Monday, February 16, 2009

Trip to the Top of the Arch

So I won't go to the top of the Arch anymore. I hate it. I don't hate the arch, I mean it is really cool to look at and I love standing at the bottom and looking up the side as the silver metal curves into the air. But I do hate going to the top of the Arch. I have for a while and I finally took a stand and said that I would no longer go up to the top with visitors to our fair city. The elevators freak me out- they are tiny and they shake like crazy on the way up. And once you get to the top, the arch sways. And not just sways a little, but A LOT. Once I was up there as a storm was moving in and I swear I had to put my hand up to the ceiling to balance myself so I wouldn't fall over.
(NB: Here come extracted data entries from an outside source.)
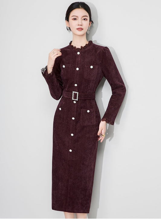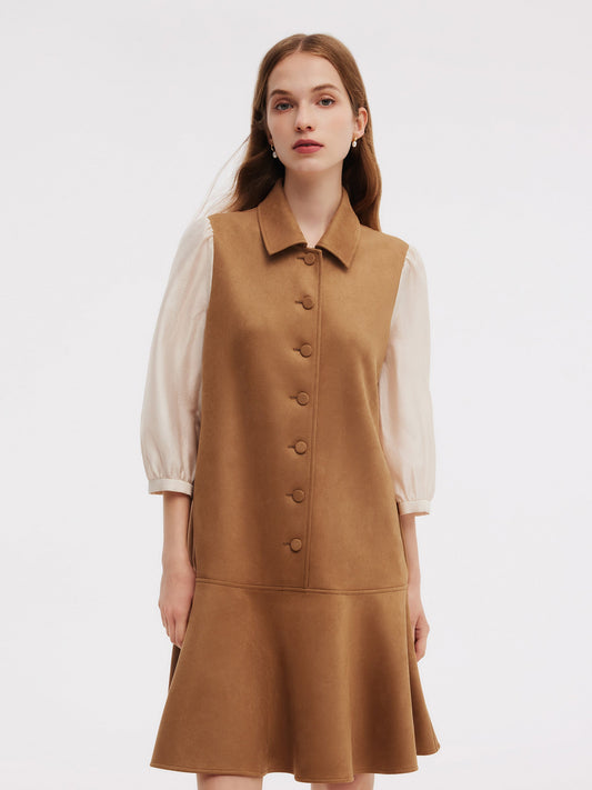 Kahve Suede Dantel Splicing Elbise
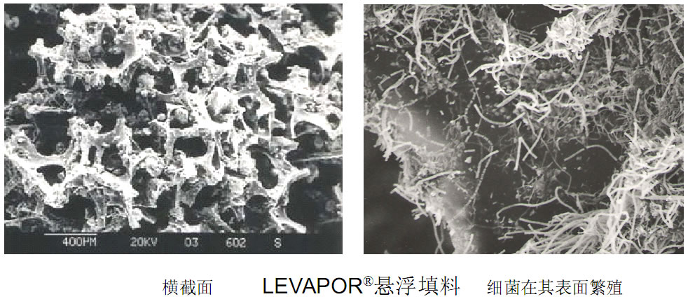 通過(guò)使用 LEVAPOR ® 懸浮填料能對(duì)工業(yè)污水的各類污染物質(zhì)非常有效地去除 。 LEVAPOR ®懸浮填料是有彈性和孔隙的高分子物質(zhì) , 由具有表面活性的顏料例如活性碳加以改性,從而使吸附面積最大能達(dá)到 20.000 m ² /m ³ , 該懸浮填料具有以下特性:
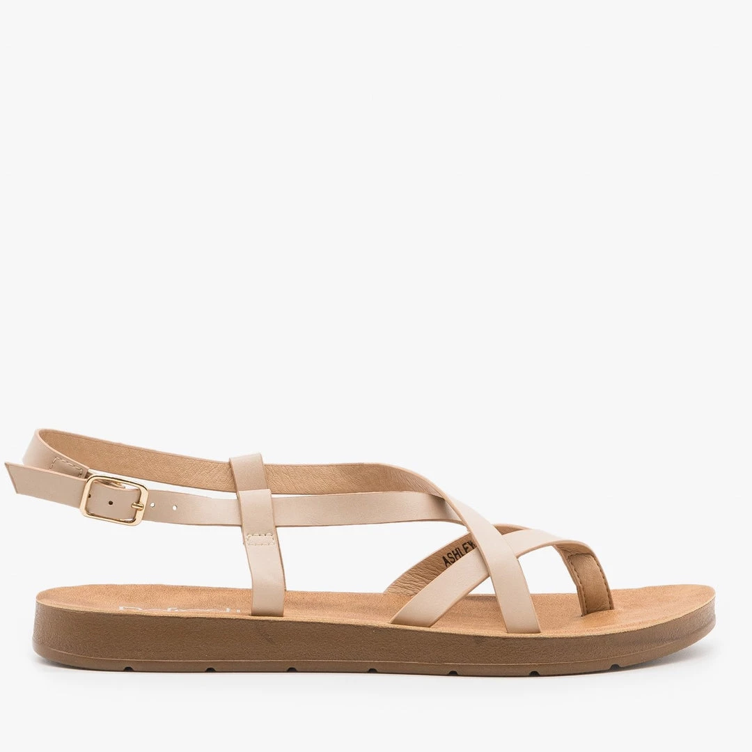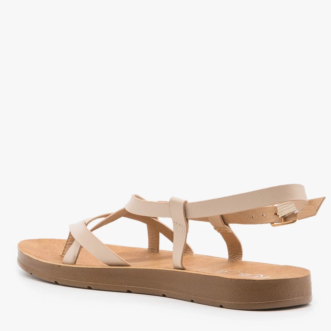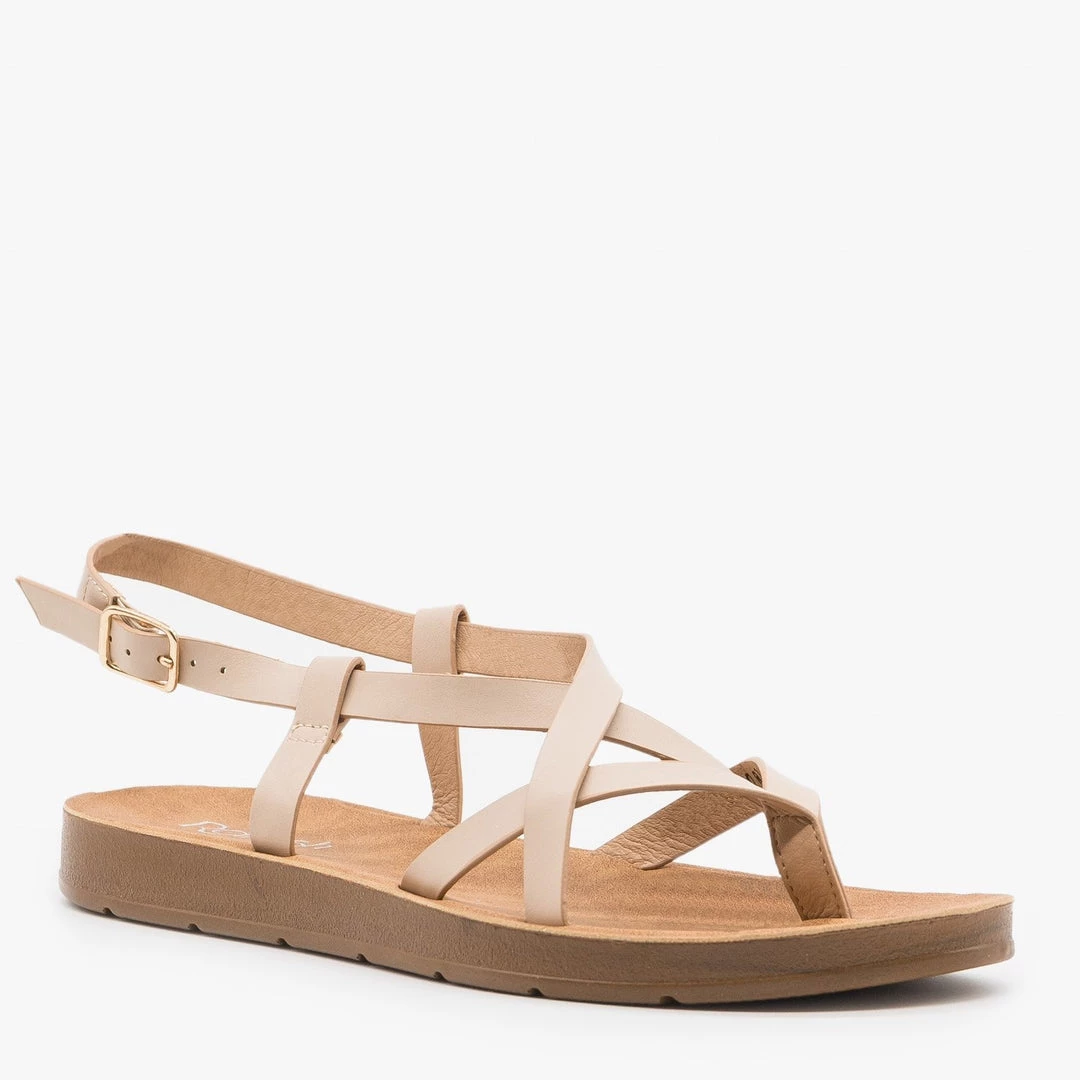 Step into a pair of these Refresh Shoes Ashley-10 sandals to complete all your favorite outfits! Made out of faux leather, these sandals feature a slingback-style adjustable ankle strap for easy on/off access and a thong-style toe design. The criss crossing design gives these shoes a beautiful finishing touch while the cushioned insoles provide maximum support and comfort. Wear these sandals with a pair of rolled cuff high-waisted denim shorts and a basic sleeveless bodysuit for the cutest summer outfit! Made with all man-made/vegan materials.
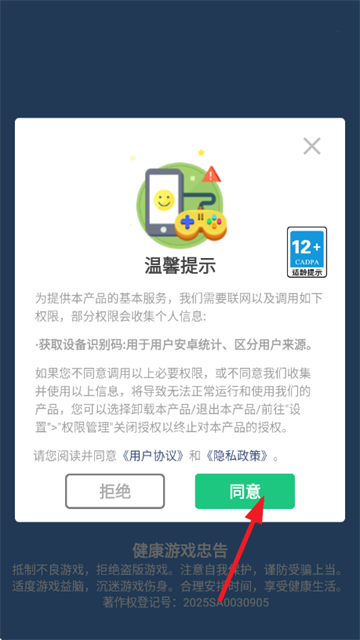 1、首先打开游戏,阅读并同意《用户协议》和《隐私政策》;
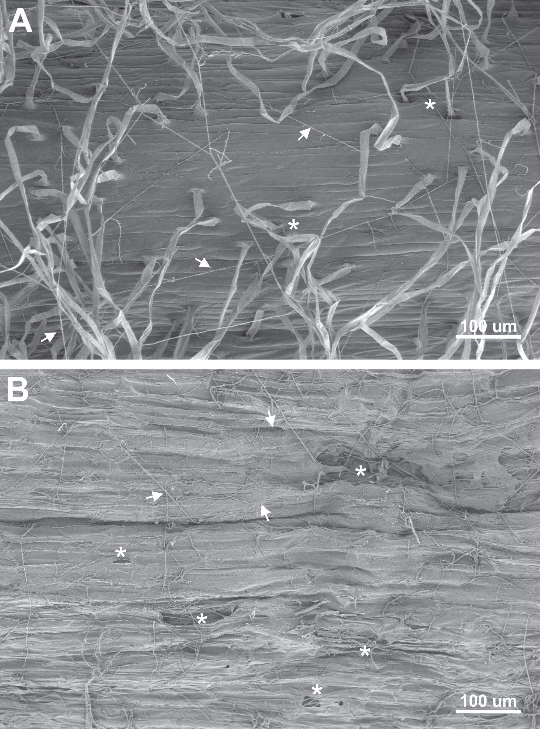 Figure 1. Appearance of the maize primary root epidermis seven days after seed infection by Fusarium verticillioides DA42 strain. Two regions with contrasting appearances were analyzed by SEM, (A) a region without visible necrosis, and (B) a necrotic region. Root hairs with collapsed bases or holes are marked with asterisks (*), and fungal growth on the epidermis surface is indicated by arrowheads.
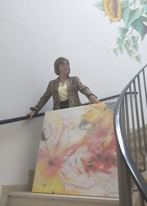 Ausdruck zu bringen. Ganz im Sinne der intermedialen Kunsttherapie erfüllt es sie mit Freude, wenn sie Hindernisse im Malprozess überwinden kann.
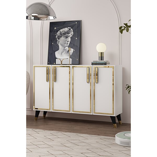 Cantek Dizayn 8194km-128ct Konsol,kahve Köşesi̇,ayakkabilik,ofi̇s Evrak Dolabi,mutfak Ki̇ler Dolabi,tv Üni̇tesi̇-beyaz-altın Beyaz-Altın
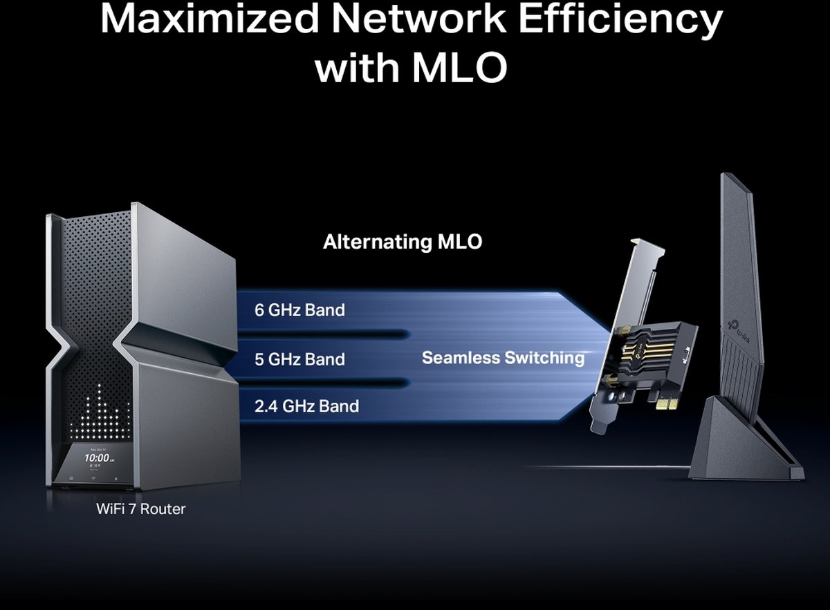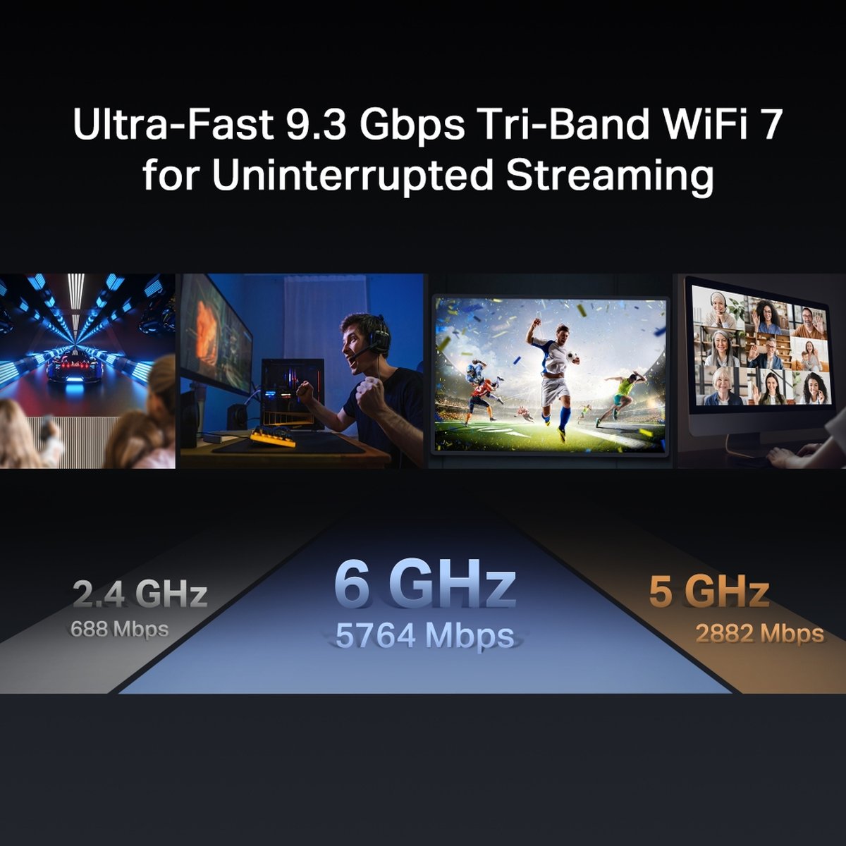 - Стандарт WiFi 7 — Разгърнете пълния потенциал на 6 GHz честотната лента, за да удвоите пропускателната способност на последното поколение

So like I said...no more going up in the Arch for me.

However, the little man had never been up in the Arch. Therefore, my wonderful husband surprised him one day with a trip to the top. The two of them had their own little adventure. They wandered the museum at the base of the Arch and then got free tickets from two women who decided they were too scared to go to the top. And so up they went...


William was a little nervous, but Lawrence said that once he got up there he thought it was pretty cool.

I love when the two of them do stuff together without me. That sounds kind of weird, but it is just fun to watch them bond. I am definitely the more nurturing of the two of us and William comes to me for affection and cuddles and scrapes. So it is nice when the two of them bond and it doesn't involve bonding that comes from ganging up on me.

When William first moved in with us, I won't lie it was rough...and there was a while there where I wasn't sure Lawrence was going to hang in there. He really did try our patience to the breaking point day after day after day. The funny thing is that the two of them have a lot in common which is good and bad. They both have tempers, they both are stubborn as hell, and they both don't back down. On the positive side, they both have these silly/teasing sides, they both easily make friends, and they both have intense curiosity. I just like to watch the two of them interact. Lawrence is very parental with William. By that I mean that he demands respect and he gets it. William doesn't mess with Lawrence the way he messes with me. I guess I'm not tough enough. William pushes me in a way that Lawrence doesn't allow. But I think it is good for him to learn that there is a time for seriousness and a time for silliness. And I think William is finally starting to get that.

So my boys had an adventure. And they came home in a great mood. And they had these fun pictures to show for it!